Helllloooo????? Helllloooooo!!!! Is anybody there?!

My last post was on November 27, but I deleted it because I decided I did not want the entire world to know my inner struggles. It was up for about an hour, so maybe you read it.

I do not have any profound or intellectual thoughts to post, I just felt like it.

I've been thinking about how important follow up is when a person leaves a church. For all the church knows that person could be struggling so deeply with God that they don't even know where they stand anymore. On the other hand, the person could have simply moved to another church that is closer to home. Or maybe it's a combination of the two.

I am craving to be back in ministry. I like working with the youth that I do, but I wish I could tell them about God without getting kicked out of school. I'm sure many people think that I should anyway, and I would if any of them asked me questions or showed a desire to learn. However, the position of power I am in over such a vulnerable population creates a great deal of conflict.

These kids have experienced more pain in their short lives than most do in a lifetime. No wonder they scream and yell and threaten those that take care of them.

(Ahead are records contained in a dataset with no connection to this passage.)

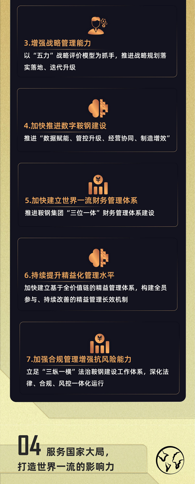 ——深化改革賦能,打造世界一流的治理能力。深化現代企業制度建設,全面落實“兩個一以貫之”,推動公司治理機制更加成熟定型;深化市場化經營機制建設,聚焦狠抓三項制度改革實效重點攻堅;增強戰略管理能力,以“五力”戰略評價模型為抓手,推進戰略規劃落實落地、迭代升級;加快推進數字鞍鋼建設,推進“數據賦能、管控升級、經營協同、制造增效”;加快建立世界一流財務管理體系,推進鞍鋼集團“三位一體”財務管理體系建設;加快建立基于全價值鏈的精益管理體系,構建全員參與、持續改善的精益管理長效機制;加強合規管理,增強抗風險能力,立足“三縱一橫”法治鞍鋼建設工作體系,深化法律、合規、風控一體化運行。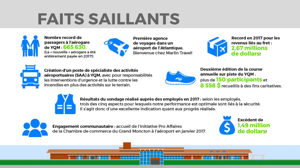 YQM s’efforce de plus à maximiser sa contribution au développement économique et communautaire local et régional. Son activité économique annuelle représente actuellement plus de 665 millions de dollars, ce qui en fait l’un des plus importants acteurs du secteur privé au sein de l’économie du Nouveau-Brunswick. YQM est membre du Vantage Airport Group.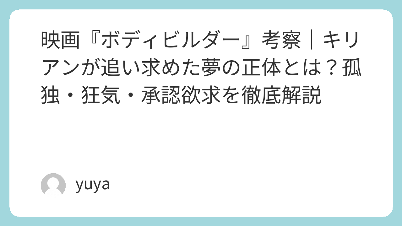 映画『ボディビルダー』考察|キリアンが追い求めた夢の正体とは?孤独・狂気・承認欲求を徹底解説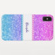Arrière - plan en faux parties scintillant rose et bleu avec accents faux diamants et monogramme personnalisable.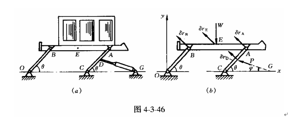 (3)分析各构件的运动,并作出系统的虚位移图。因为升降台BA作平动,所以B、E、A点的虚位移相等,即δrB=δrE=δrA。设D点的虚位移为δrD,其大小δrD=0.5δrA。各点虚位移如图4—3—46(b)所示。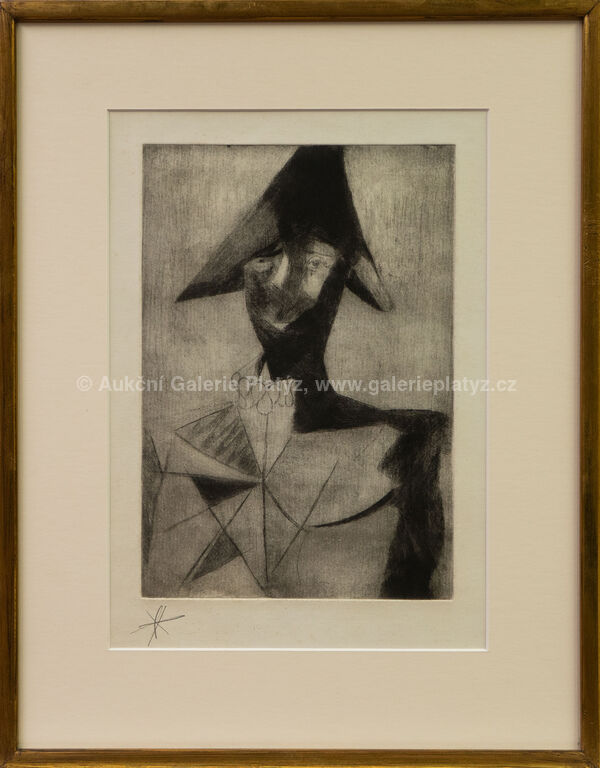 suchá jehla/papír, rozměr ve výřezu 33 x 23,5 cm, neznačeno, zkušební tisk, paspartováno, zaskleno, rámováno, publikováno v knize František Tichý Grafické dílo, č. 107, str. 91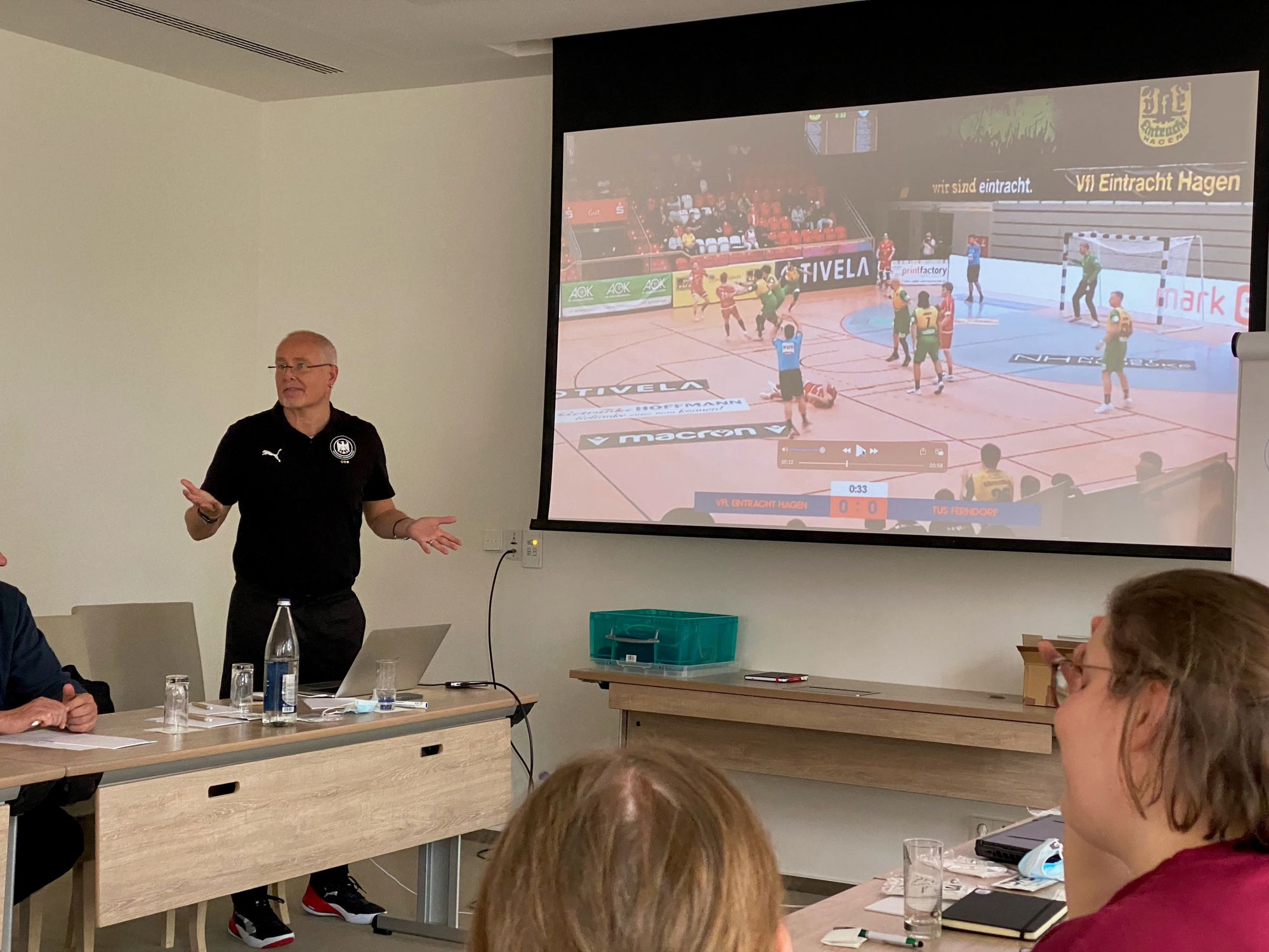 Dëse Weekend waren ons Arbitter, ënner anerem onsen A-Kader, fir hire mëttlerweil schonns traditionelle Summerstage, zu Munneref am Domaine Thermal. D’Kuere goufen dëst Joer vum Kay Holm, dem "Schiedsrichterlehrwart" vum DHB, gehalen. No zwee Deeg intensive Kuere wäerten si esou optimal virbereet an déi nei Saison starte kënnen.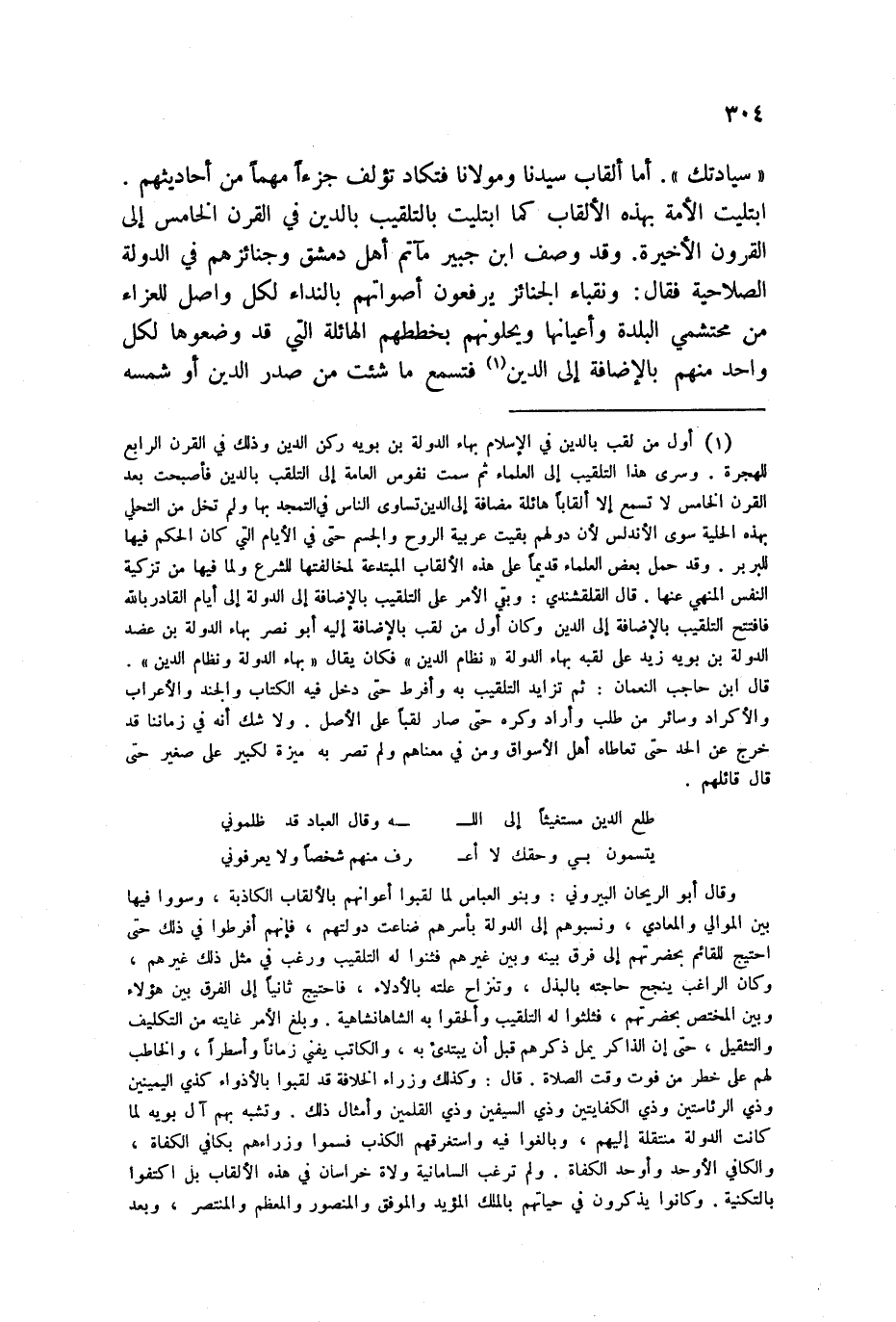 أحاديثهم ابتليت الأمة بهذه الألقاب كما ابتليت بالتلقيب بالدين في القرن الخامس إلى القرون الأخيرة. وقد وصف ابن جبير مآتم أهل دمشق وجنائزهم في الدولة الصلاحية فقال: ونقباء الجنائز يرفعون أصواتهم بالنداء لكل واصل للعزاء من محتشمي البلدة وأعيانها ويحلونهم بخططهم الهائلة التي قد وضعوها لكل واحد منهم بالإضافة إلى الدين فتسمع ما شئت من صدر الدين أو شمسه

I am thinking about what I will do with my BA in Psych. I would love to get a masters of Psychology, but I want to work for a bit first. I've been looking into being an addictions counsellor, I would also love to work in a school, hospital or (of course) for The Salvation Army. Afterall, I got soul and I am a soldier.

Which brings me to the question of what should I do with my soldiership? My home church, SM, has closed, leaving me with a hurting heart, and no place to move my soldiership to. Dilemma!

On a completely different note, being engaged is wonderful.

1 commentaires:

Blogger Fred and Wendy a dit . . .

If you trust the LORD and follow His lead ministry will come to you in many forms. We love you and care for you!

5:41 p.m.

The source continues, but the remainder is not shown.